Items from a data source:
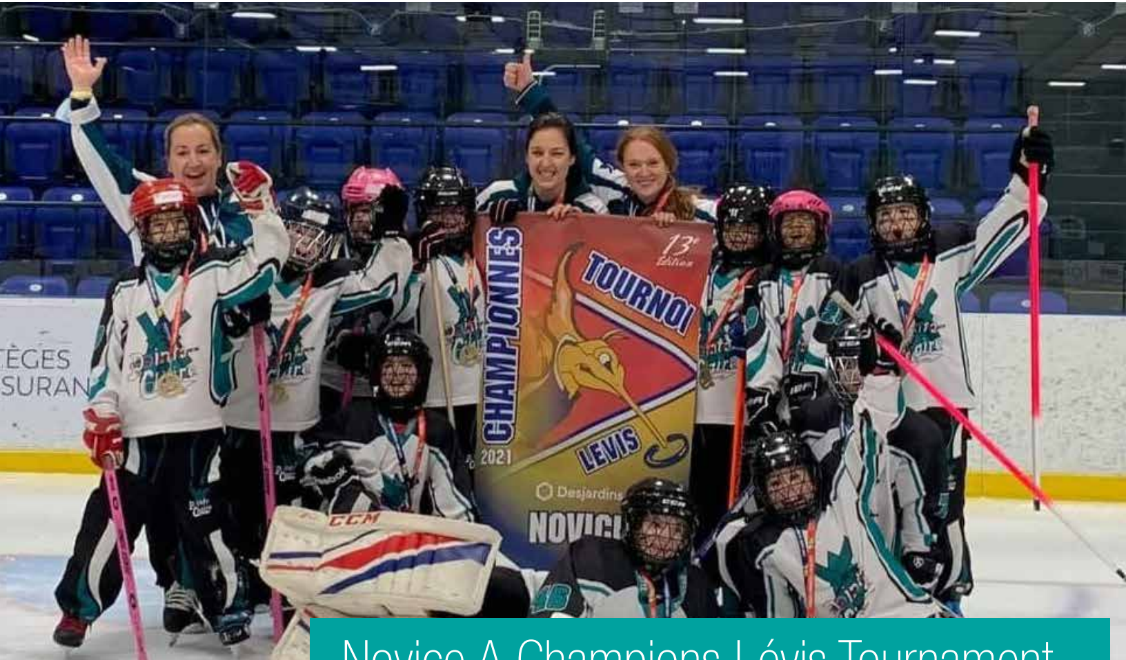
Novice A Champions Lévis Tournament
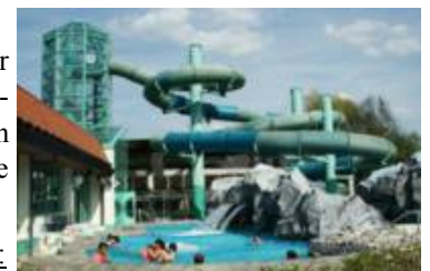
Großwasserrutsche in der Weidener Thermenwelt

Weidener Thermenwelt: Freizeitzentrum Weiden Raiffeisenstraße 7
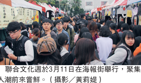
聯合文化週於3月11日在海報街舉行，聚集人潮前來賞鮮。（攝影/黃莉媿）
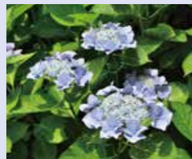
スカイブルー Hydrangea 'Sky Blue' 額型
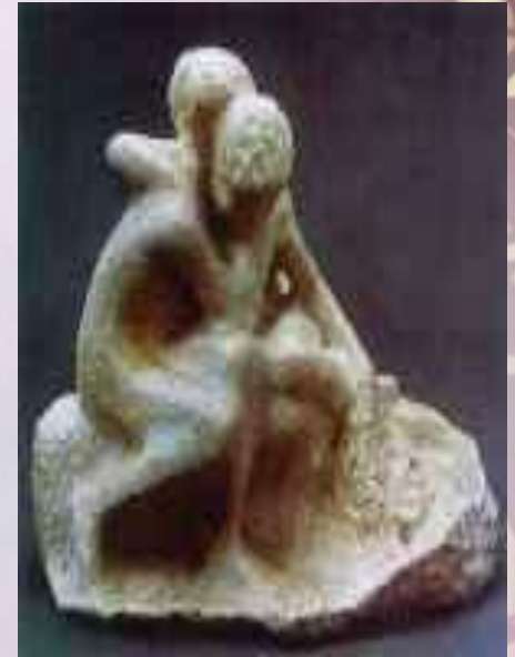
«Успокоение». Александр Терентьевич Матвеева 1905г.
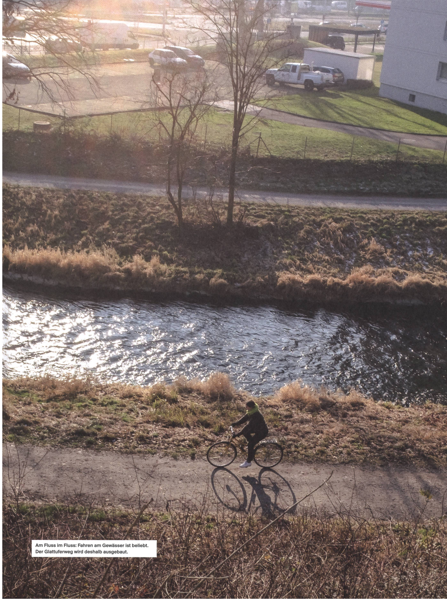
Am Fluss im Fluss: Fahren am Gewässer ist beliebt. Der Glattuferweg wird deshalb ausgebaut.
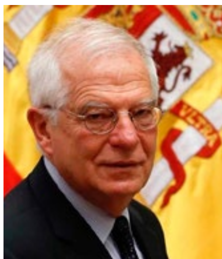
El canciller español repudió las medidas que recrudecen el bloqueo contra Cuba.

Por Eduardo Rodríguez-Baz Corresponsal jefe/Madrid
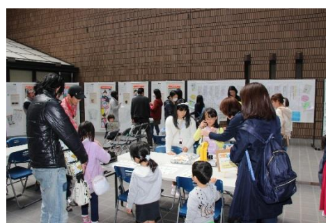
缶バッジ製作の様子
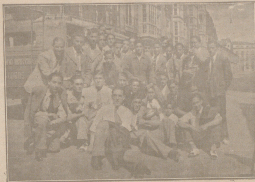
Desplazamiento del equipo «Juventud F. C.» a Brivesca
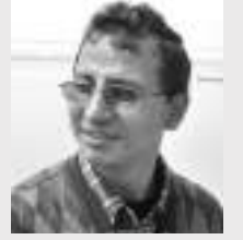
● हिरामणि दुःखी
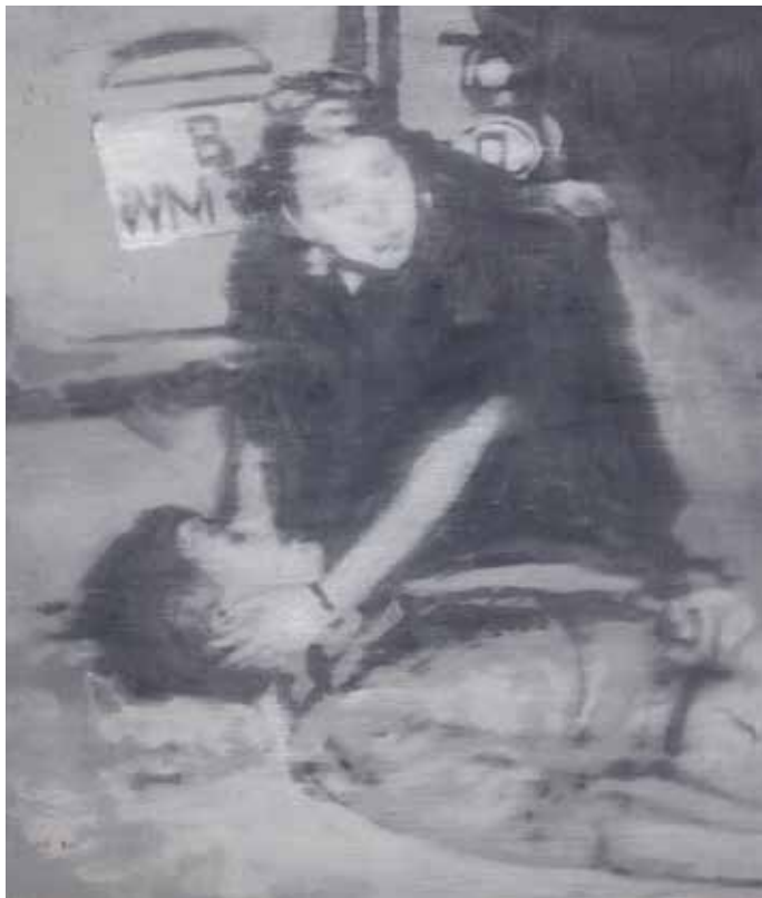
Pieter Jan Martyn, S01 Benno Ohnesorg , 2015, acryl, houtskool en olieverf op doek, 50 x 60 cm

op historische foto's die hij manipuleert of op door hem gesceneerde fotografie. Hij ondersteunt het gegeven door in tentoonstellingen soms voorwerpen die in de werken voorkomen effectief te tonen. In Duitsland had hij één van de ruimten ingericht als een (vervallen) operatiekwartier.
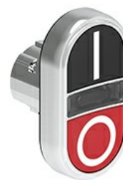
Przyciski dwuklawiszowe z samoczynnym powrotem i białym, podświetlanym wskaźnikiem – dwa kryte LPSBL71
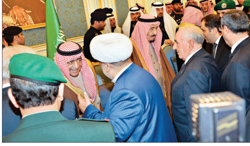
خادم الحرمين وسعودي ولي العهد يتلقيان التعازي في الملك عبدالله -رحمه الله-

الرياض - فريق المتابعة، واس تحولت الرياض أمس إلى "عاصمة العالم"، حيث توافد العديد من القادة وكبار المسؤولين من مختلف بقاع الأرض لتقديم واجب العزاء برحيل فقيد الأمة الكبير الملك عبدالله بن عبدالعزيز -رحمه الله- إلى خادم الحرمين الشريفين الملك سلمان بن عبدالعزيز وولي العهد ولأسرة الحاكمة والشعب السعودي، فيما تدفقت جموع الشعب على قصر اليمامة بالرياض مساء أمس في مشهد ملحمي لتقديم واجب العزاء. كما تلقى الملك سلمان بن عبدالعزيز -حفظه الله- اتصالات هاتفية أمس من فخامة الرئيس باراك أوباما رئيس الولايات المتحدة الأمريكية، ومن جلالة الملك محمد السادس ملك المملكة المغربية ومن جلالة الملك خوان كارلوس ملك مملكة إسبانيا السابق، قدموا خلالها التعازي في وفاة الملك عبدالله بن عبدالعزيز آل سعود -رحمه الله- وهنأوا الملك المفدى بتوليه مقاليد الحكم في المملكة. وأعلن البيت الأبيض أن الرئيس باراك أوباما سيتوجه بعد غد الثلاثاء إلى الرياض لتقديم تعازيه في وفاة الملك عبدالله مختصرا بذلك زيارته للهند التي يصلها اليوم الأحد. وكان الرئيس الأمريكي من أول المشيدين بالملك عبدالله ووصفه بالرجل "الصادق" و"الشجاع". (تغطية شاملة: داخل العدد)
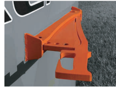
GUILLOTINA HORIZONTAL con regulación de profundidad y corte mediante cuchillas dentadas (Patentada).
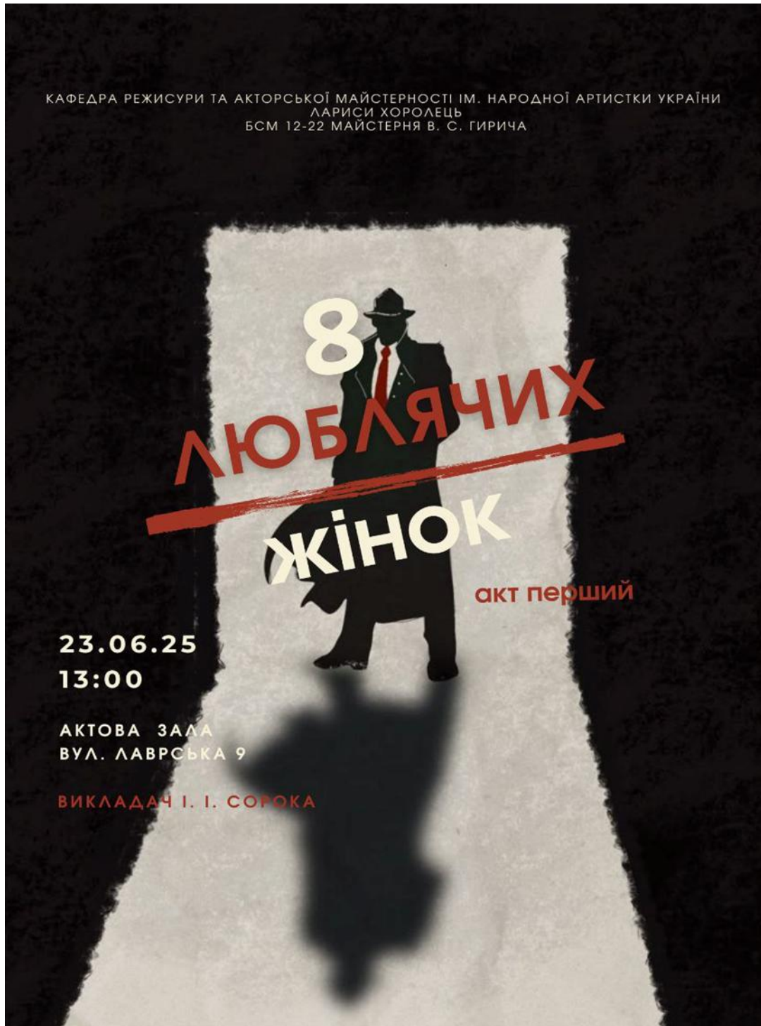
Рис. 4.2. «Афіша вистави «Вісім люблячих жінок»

* * *

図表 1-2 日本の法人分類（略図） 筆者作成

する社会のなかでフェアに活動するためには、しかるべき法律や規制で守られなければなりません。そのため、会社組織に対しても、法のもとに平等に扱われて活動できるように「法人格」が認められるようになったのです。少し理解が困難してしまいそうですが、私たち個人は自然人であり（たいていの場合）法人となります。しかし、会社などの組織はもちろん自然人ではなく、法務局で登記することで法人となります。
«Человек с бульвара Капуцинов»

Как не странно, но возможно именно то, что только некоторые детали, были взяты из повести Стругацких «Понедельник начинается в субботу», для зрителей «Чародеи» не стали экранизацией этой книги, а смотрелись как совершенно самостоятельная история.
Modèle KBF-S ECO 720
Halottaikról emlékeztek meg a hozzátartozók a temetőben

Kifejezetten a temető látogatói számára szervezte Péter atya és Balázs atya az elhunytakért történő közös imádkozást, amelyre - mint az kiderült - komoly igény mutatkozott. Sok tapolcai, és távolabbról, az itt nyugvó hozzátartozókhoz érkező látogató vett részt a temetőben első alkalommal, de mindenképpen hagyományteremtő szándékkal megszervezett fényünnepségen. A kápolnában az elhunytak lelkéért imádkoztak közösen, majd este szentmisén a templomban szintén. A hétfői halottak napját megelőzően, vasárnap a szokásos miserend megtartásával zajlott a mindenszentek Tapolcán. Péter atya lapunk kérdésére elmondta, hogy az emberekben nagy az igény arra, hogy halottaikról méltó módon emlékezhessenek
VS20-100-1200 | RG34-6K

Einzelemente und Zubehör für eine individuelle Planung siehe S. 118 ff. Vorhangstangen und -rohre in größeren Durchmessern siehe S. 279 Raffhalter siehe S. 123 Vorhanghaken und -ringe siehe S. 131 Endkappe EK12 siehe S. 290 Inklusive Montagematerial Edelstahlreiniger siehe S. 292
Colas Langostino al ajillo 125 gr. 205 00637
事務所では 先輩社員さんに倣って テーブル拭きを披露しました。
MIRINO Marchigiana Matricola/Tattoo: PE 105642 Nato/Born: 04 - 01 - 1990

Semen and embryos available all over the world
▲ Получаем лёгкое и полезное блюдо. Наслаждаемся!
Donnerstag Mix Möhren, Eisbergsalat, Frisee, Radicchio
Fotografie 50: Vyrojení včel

--

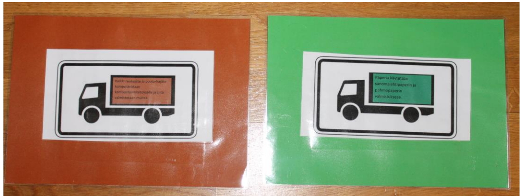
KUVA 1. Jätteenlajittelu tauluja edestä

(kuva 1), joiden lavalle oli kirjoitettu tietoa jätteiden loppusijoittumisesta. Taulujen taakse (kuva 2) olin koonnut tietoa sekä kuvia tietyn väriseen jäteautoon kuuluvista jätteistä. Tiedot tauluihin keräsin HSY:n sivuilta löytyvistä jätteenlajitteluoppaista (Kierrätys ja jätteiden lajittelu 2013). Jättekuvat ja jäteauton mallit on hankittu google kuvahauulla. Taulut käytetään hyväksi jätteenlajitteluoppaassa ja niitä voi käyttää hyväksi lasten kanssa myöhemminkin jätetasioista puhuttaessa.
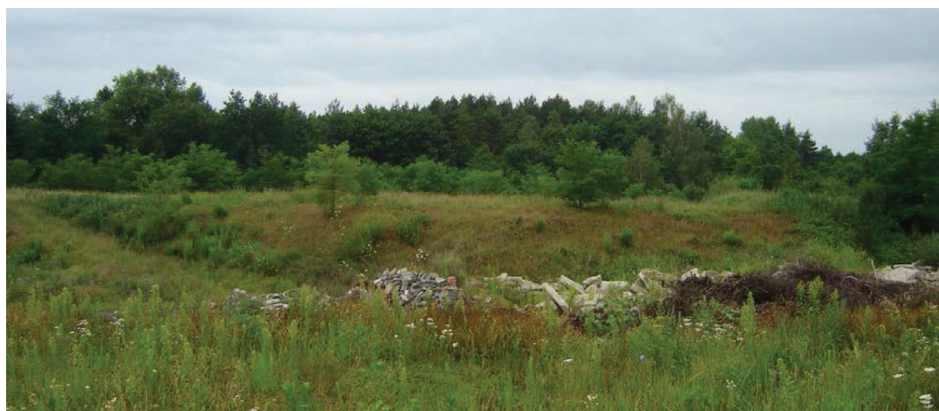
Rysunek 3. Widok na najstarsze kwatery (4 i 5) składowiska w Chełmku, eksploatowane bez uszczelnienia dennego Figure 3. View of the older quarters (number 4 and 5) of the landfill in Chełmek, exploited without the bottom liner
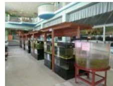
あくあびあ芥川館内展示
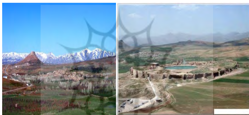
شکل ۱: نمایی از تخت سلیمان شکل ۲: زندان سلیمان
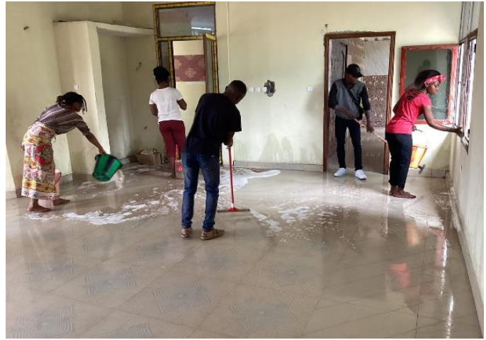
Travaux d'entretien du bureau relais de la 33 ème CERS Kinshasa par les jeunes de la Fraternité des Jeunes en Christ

▶ _WHAT YOU SHOULD DO_: Return all lines in the data that include the word "Thermenwelt".

▶ _RESPONSE FOR THIS EXERCISE_:
Großwasserrutsche in der Weidener Thermenwelt
Weidener Thermenwelt: Freizeitzentrum Weiden Raiffeisenstraße 7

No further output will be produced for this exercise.